Audio By Carbonatix
The city’s more or less shut down till Tuesday, what with a furlough day and Memorial Day on the schedule. Which is why City Hall has early-posted its Wednesday council briefing agendas on two subjects near and dear to every citizen: water and trash. At least one of ’em is gonna cost more next fiscal year; maybe both. Depends. Hard to say.
Water utilities for sure: City Manager Mary Suhm needs $541,073,815 in the coming fiscal year to keep the lawn nice and green, and that includes five significant capital improvement projects (pipeline replacement and pump-station improvements chief among ’em). Problem is, she’s only got $523,073,834 projected to come in, which means a guesstimated shortfall of $17,999,981.
And that will necessitate a rate increase of 4.2 percent, or an average of $2.21 tacked on to every monthly bill, which Suhm says is still well below the Environmental Protection Agency’s affordability guidelines that say your water bill should be no more than 2 percent of the median household income.
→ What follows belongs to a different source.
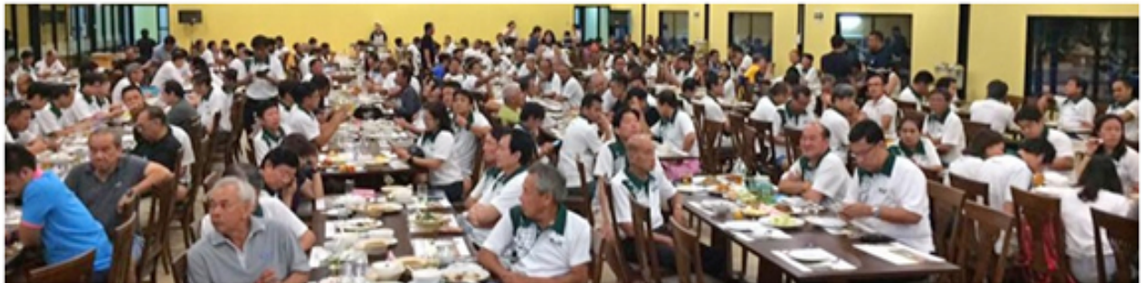
Golf Tournament Dinner Party attended by AIT alumni and Friends of AIT

But look at Page 14: “Future Outlook: Rate Increases.” This appears to be the beginning of rate hikes, which will grow even more substantial in coming years.
On the other hand …
The sanitation services fee looks, initially, headed toward a decline for the second year in a row — this time by a whole three pennies, from $20.34 on average to $20.31. According to the briefing, that’s due, sort of, to the money saved from the move to OneDay trash pick-up. The proposed rate is a whole 67 cents lower than the fee two fiscal years ago, incidentally, when a massive hike was necessitate by the rise in gas prices.
Only, there’s one problem — five, actually: Among other issues, the proposed rate doesn’t take into account creating an emergency storm fund to offset the more-than-a-mil paid to private contractors to clear the February snowstorm mess, and it doesn’t give garbage collectors the meager raise that’s been talked about for years. Maybe next year.